• [WORK INSTRUCTION]:
Look below for the line with "A young woman"; begin the copy there and stop after the line with "Chaque textile de", keeping the text exact and the pictures out.

• [DATA RECORDS]:

------

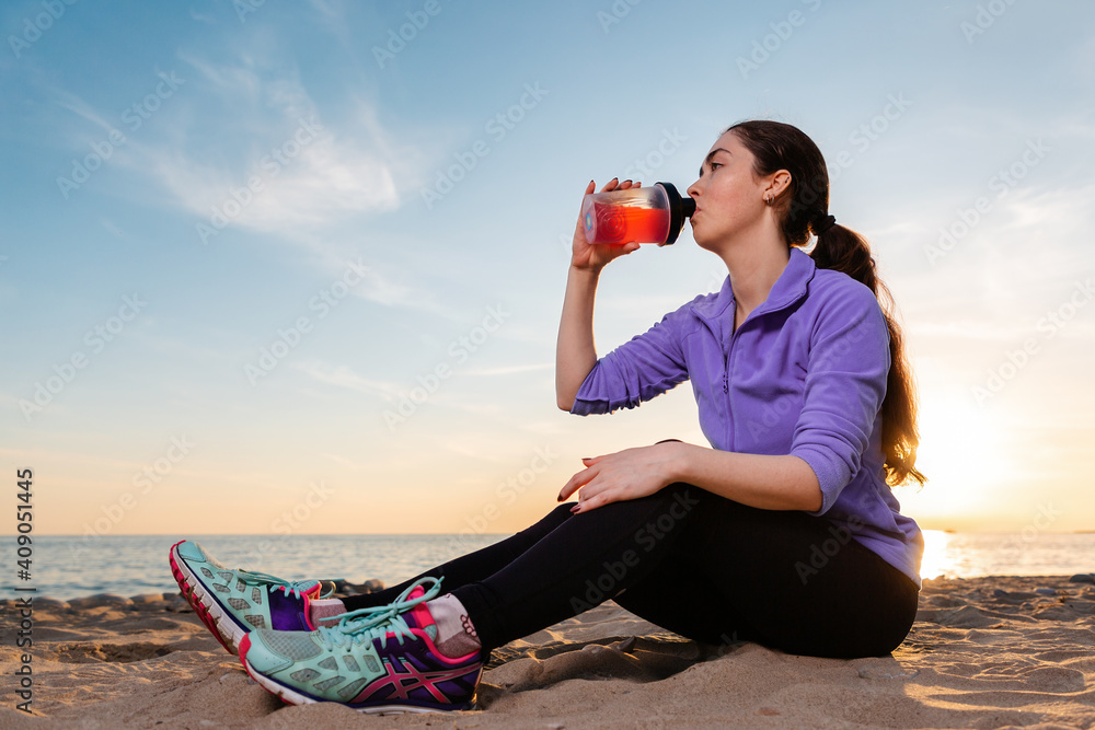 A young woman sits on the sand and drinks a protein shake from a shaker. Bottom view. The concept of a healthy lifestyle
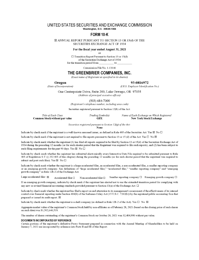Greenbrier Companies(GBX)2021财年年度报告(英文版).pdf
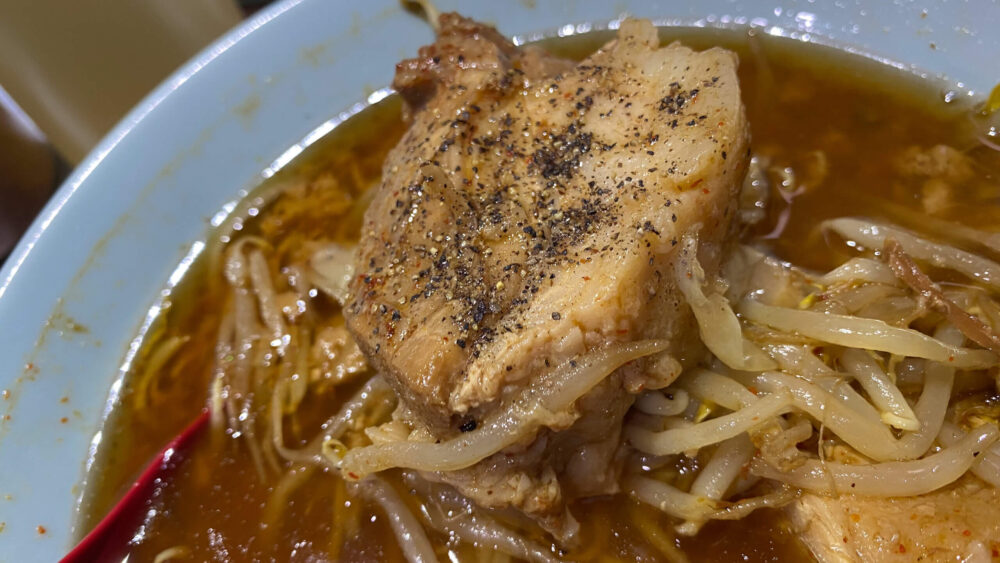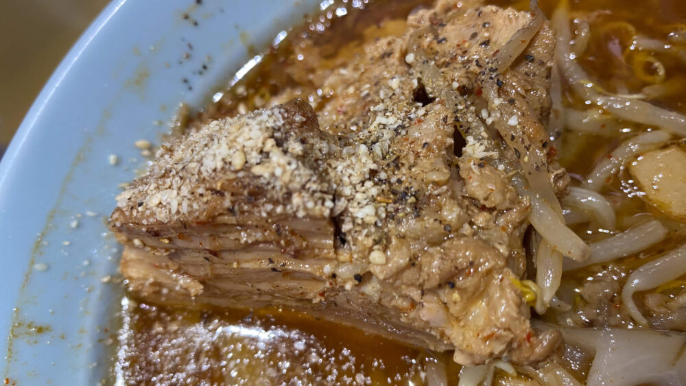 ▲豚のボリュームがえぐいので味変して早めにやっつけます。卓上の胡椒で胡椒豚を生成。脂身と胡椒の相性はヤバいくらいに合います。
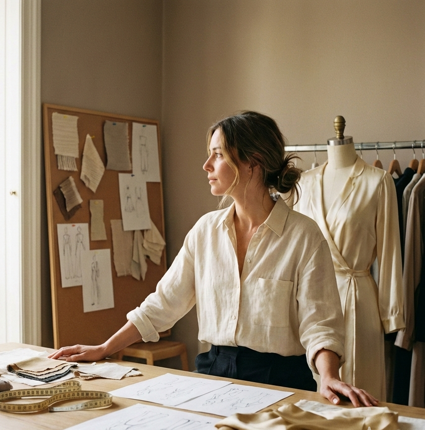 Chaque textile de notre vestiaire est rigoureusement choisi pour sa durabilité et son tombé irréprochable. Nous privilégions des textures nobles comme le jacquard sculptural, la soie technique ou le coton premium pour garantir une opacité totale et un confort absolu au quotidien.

------

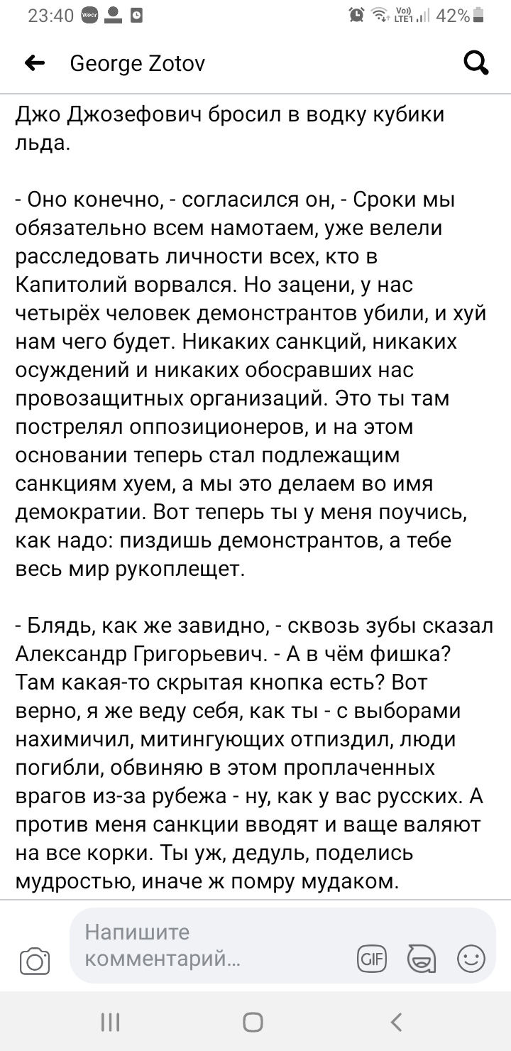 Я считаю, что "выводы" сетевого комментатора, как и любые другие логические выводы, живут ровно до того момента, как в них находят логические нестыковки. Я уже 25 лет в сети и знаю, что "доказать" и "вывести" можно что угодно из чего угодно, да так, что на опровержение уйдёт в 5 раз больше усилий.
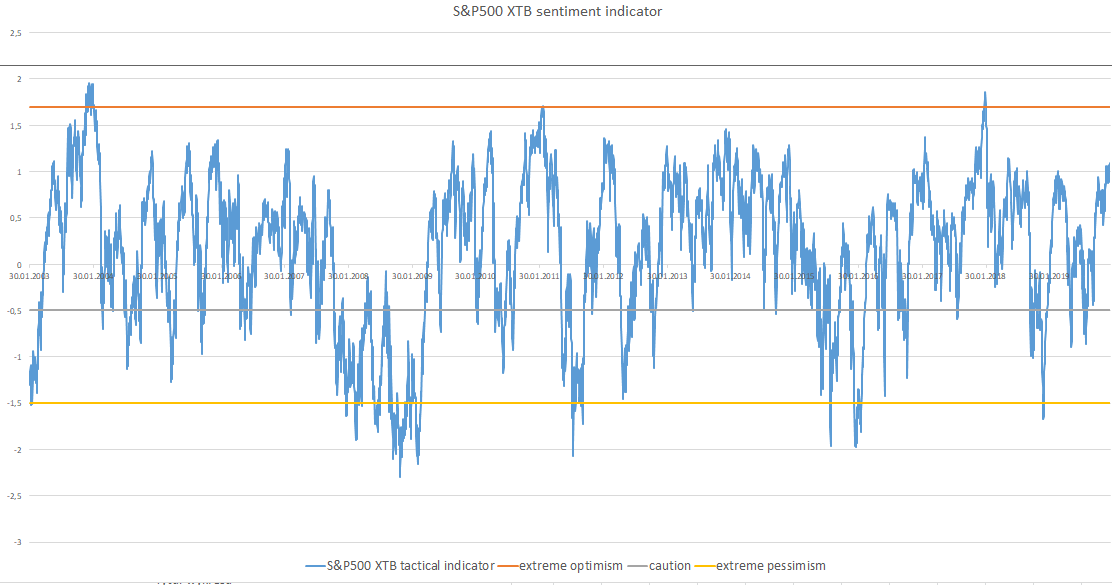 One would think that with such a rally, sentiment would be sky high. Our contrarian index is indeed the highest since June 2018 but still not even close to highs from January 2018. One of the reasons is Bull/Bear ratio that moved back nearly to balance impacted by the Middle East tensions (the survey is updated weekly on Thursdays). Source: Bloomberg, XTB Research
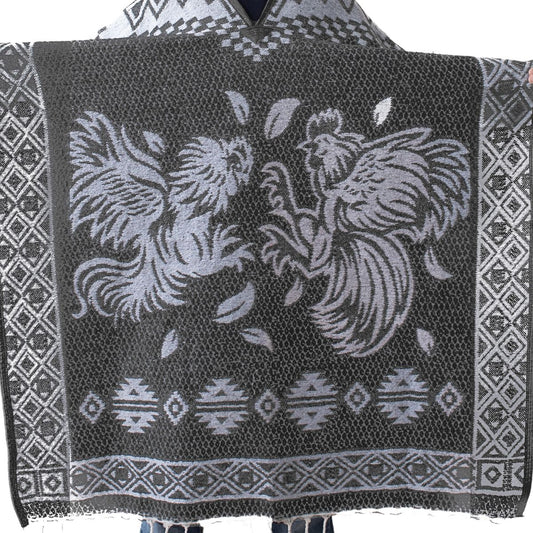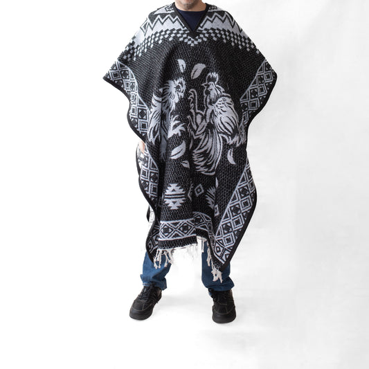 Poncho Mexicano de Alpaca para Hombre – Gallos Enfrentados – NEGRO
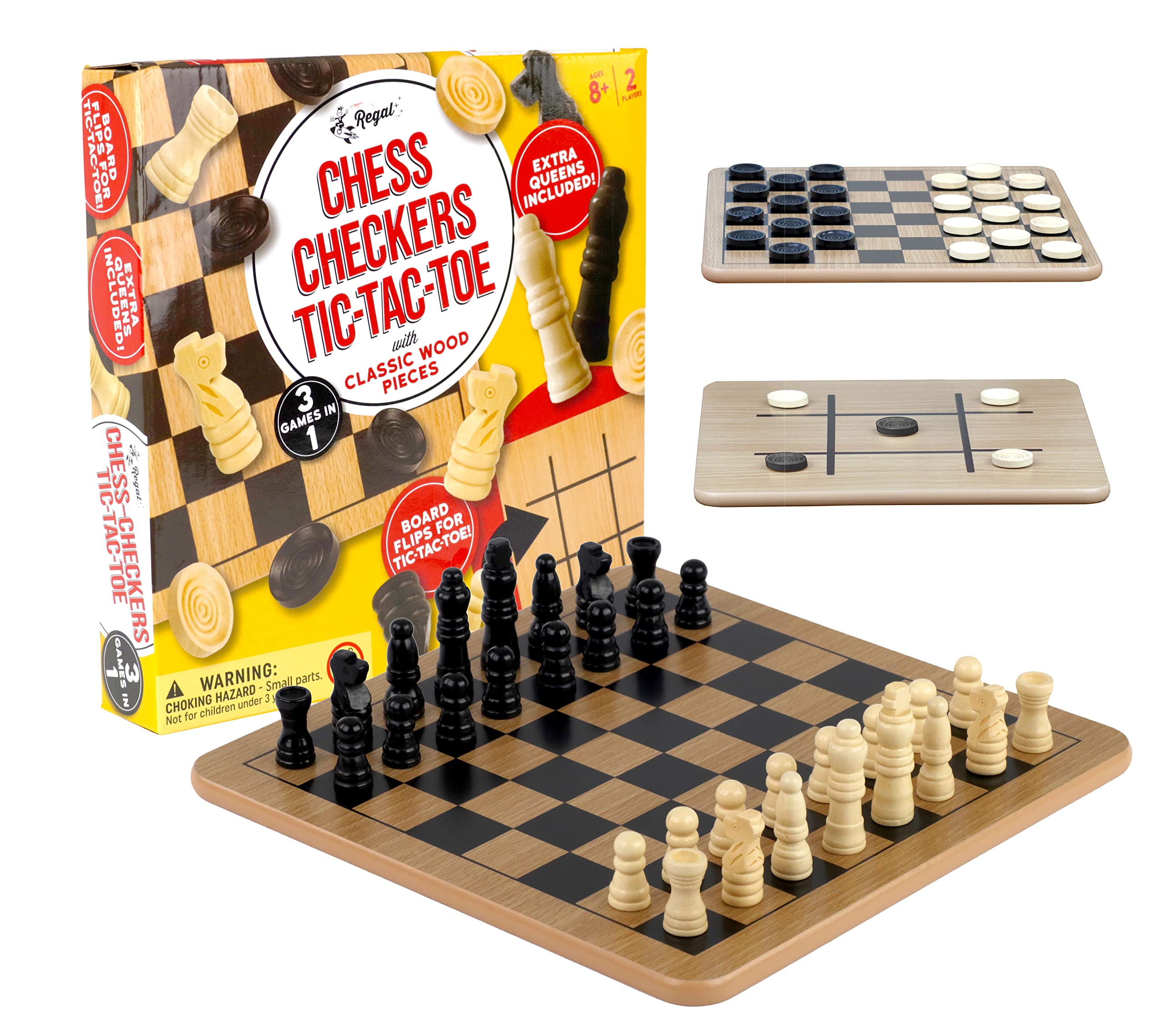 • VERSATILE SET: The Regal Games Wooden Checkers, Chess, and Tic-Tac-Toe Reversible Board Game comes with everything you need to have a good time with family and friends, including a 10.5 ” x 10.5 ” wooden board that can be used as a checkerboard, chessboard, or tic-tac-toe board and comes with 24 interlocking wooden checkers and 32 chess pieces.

------

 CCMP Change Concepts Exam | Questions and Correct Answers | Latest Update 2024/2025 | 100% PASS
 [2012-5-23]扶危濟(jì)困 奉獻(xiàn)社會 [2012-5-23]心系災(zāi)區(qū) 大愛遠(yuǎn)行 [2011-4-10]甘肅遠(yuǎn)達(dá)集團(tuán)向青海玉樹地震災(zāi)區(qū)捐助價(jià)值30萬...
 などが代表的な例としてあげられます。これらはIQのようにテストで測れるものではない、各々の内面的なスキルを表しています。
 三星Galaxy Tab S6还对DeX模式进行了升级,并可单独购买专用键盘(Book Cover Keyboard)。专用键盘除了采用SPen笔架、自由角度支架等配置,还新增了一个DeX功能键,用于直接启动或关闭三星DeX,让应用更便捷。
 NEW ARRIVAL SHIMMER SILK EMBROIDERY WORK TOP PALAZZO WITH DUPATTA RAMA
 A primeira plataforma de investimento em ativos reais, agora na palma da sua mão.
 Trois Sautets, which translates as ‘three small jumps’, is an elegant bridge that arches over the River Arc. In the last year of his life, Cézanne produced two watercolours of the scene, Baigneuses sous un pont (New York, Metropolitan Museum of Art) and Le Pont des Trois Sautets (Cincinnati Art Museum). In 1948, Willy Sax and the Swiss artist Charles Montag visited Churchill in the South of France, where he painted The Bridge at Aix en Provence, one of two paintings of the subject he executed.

------

• [ANSWER TO THE EXERCISE]:
 A young woman sits on the sand and drinks a protein shake from a shaker. Bottom view. The concept of a healthy lifestyle
Greenbrier Companies(GBX)2021财年年度报告(英文版).pdf
 ▲豚のボリュームがえぐいので味変して早めにやっつけます。卓上の胡椒で胡椒豚を生成。脂身と胡椒の相性はヤバいくらいに合います。
 Chaque textile de notre vestiaire est rigoureusement choisi pour sa durabilité et son tombé irréprochable. Nous privilégions des textures nobles comme le jacquard sculptural, la soie technique ou le coton premium pour garantir une opacité totale et un confort absolu au quotidien.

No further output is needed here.